The potential of sensors embedded in new and legacy production equipment to deliver actionable indicators to decision-makers is at the heart of the fourth industrial revolution. Engineers and designers today are now challenged with a new task: how to perceive value and communicate the benefits of tech adoption for consumers and companies alike.

From legacy equipment to end users easily navigating seas of fluctuating data, we want them to be able to steer the ship just as you are excited about the potential energy gained by implementation. Leading the way to more and better efficiencies for a sustainable planet is the goal, and your ideas are the cherries on top.

Decentralized Management

The old systems of service delivery and creation are slowly being phased out, and a major disruption felt with this wave of the Industrial Internet of Things (IIoT) is in the way, managing production, fulfillment, and maintenance are transitioning to becoming background tasks of the machines themselves. Tasks that managers used to spend time calculating, analyzing and inspecting can now be integrated to make free time available for other tasks.

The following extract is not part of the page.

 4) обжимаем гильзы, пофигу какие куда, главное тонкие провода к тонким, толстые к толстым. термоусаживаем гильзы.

Industry 4.0 is installing a new paradigm; one in which "process2device" is an ethos applied to people to shift the workload to the devices themselves — with sensors, actuators, and tools like apps available to auto-supervise internal plus external processes ultimately delivering data in useful formats to read. Helping the machines do the work steers the industry towards mutual success scenarios.

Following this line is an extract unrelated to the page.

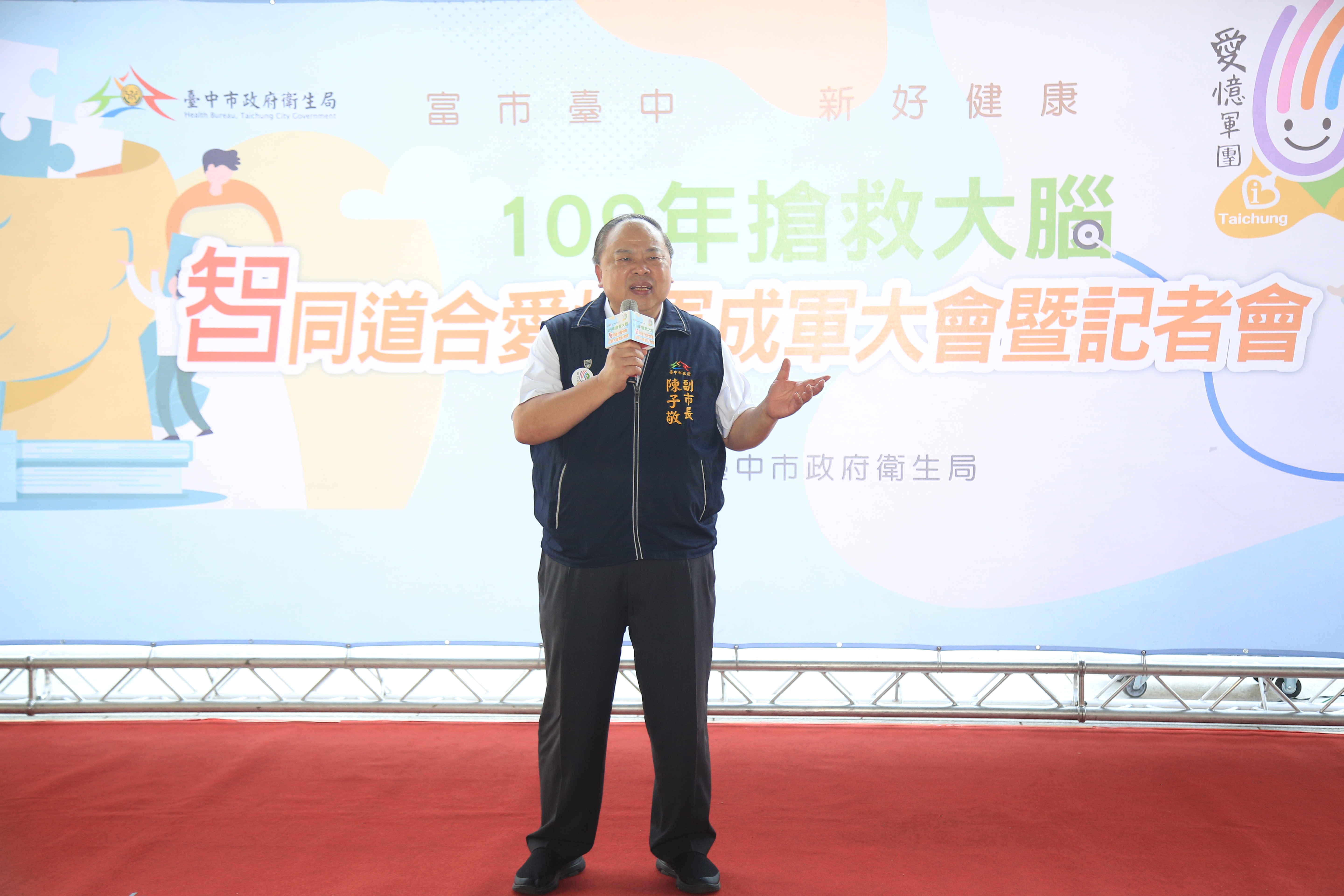副市長陳子敬表示,市長盧秀燕對社會福利政策不遺餘力,失智症已是國內重大公共衛生議題,台中市老年人口有37萬多人,以失智症盛行率8%推估,預估罹患失智症人口超過2萬9千多人。「愛憶軍團」以台語「愛伊」為諧音,該組織成立不僅協助宣導,也協助市府提供失智症患者完善照顧。

Coders write scripts to trigger corrective actions, so that machines avoid damages, replenish their parts, and someday even design their own content upgrades. Each piece is important, and performs best in optimal conditions.

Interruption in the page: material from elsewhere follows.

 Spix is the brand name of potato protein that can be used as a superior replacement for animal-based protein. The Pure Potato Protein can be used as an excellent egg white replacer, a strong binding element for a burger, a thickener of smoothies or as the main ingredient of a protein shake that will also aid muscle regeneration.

For now, don’t worry, you still have a role in this wave, and there is a long way to go before Skynet arrives…we’ll be back.

For the forward-thinking designer, manager or engineer, the question is: how to create architectures and interfaces that are stable enough and user-friendly to keep everything moving towards a healthy transition?

Heightened Visibility

When algorithms run the majority of background work processes, time becomes available to focus on actionable steps and big picture brainstorming. Focus on relationships, new ideas, and having fun while participating in the health of your local ecosystem; your work group, your family, neighborhood, friends, animals… everybody. You can sell the benefits of that "found time" to instead build better networks and improve operating costs with eco-advantages.

Yet, let’s first rewind: speaking from the present, how can we get there?

The promises of AI are on the horizon, and apart from mere upgrades, there exists a need for engineers and designers to deliver dashboard information for company "drivers" and to make it sexy enough to really use it. You are the chauffeur contemplating the algorithms and applications to link millions of data points into chewable information that you can eat with a spoon, ensuring that everything is synchronized and performs stably across the whole value chain.

Can you do it? Of course you can. If not you, then who else will?

Greater Efficiencies

With higher degrees of automation, data is being leveraged across the board to improve efficiencies for things like renting a car to making warehouse-sized machines easier to maintain for everybody.

Companies today are able to heighten the visibility of components and processes thanks to tools that help boost quality and optimize time for making the best decisions effectively, and instantly. On the other side of design, the greatest challenge today is helping people see the potential for IoT and value creation in the old ways of doing things.

When we apply what's actually "new" about new technologies, value creation (cost reduction) can be achieved in a way which can be understood to be beneficial.

Strategically, sometimes this means installing a few sensors as a test demonstration of monetary worth. Don’t just tell me about the benefits, show me them!

Take a month-long trial run and show me the savings. Put the instruments in my hands and empower me with knowledge. Help me see the goodness, and make implementation turnkey and easy enough so people can interact with data in fluid ways; adjusting to conditions, responding to problems, and letting out the sails of the machines to help make strategic decisions in direct, intuitive style.

When the winds shift, how soon will you be ready to respond? More importantly, how will you help your customers and make their lives easier?

The future of IoT is now in your hands. How will you design the innovations to transform the world around you?